Highway 145 begins at a skewed intersection with Highway 269 just west of US Highway 49 (US 49) in the eastern part of Woodruff County. The highway runs west as a section line road through a rural part of the county dominated by row agriculture. Highway 145 turns north before crossing a segment of Bayou DeView known as Reddon Lake, one of the major waterways in the region. The highway continues north through unincorporated communities Beards and Deview before entering the small city of McCrory. Highway 145 becomes Edmonds Avenue in McCrory, running north to an intersection with US Highway 64 Business (US 64B, Raney Avenue), and forming a brief concurrency to Poplar Avenue. After the concurrency ends, Highway 145 crosses the Union Pacific Railway tracks and enters the McCrory Commercial Historic District, listed on the National Register of Historic Places. North of downtown McCrory, Highway 145 passes through a residential area before an intersection with US 64, with the roadway continuing north as Highway 17 to Newport.

===Woodruff/Jackson counties===
Highway 145 begins in the northeast corner of Woodruff County at Highway 37. The highway runs due east as a section line road through a rural area, passing the unincorporated community of Duffy before turning north and entering Jackson County. Now a north–south section line road, Highway 145 terminates at Highway 42 near McFadden.

===Cache River===
Highway 145 begins at Highway 37 north of the small town of Beedeville and runs west as a section line road. The highway crosses the Cache River, one of the Ramsar wetlands of international importance, and briefly becomes the northern boundary of the Cache River National Wildlife Refuge before turning northeast and running through the unincorporated community of Blackville. Highway 145 continues due north, passing near Remmel before terminating at Highway 14 west of Amagon.
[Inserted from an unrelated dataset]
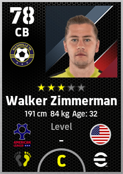 . Walker Zimmerman is a Center Back footballer from United States who plays for Nashville Yb in eFootball 2026.

===Tuckerman to Jackson CR 85===
Highway 145 begins at Highway 367 in Tuckerman as Estelle Street in a residential area. The highway turns due north, running as a section line road into rural Jackson County. The highway runs north to a dirt road intersection with Jackson County Road 85 (CR 85, Decker Store Road/Paw Paw Road) near Centerville, where the route terminates near the Black River.

==History==
The first segment of Highway 145 was created in 1931 between Highway 14 and Highway 37, with the segment between Highway 42 and Highway 37 created in 1935. On February 29, 1956, the Arkansas State Highway Commission (ASHC) designated a third segment of Highway 145 along a newly constructed road between US 64 at Fair Oaks and Penrose parallel to the St. Louis Southwestern Railway tracks. The designation was extended to Highway 39 at Hillemann on October 5, 1960, but this extension was renumbered to Highway 39 (present-day US 49) on December 2, 1964.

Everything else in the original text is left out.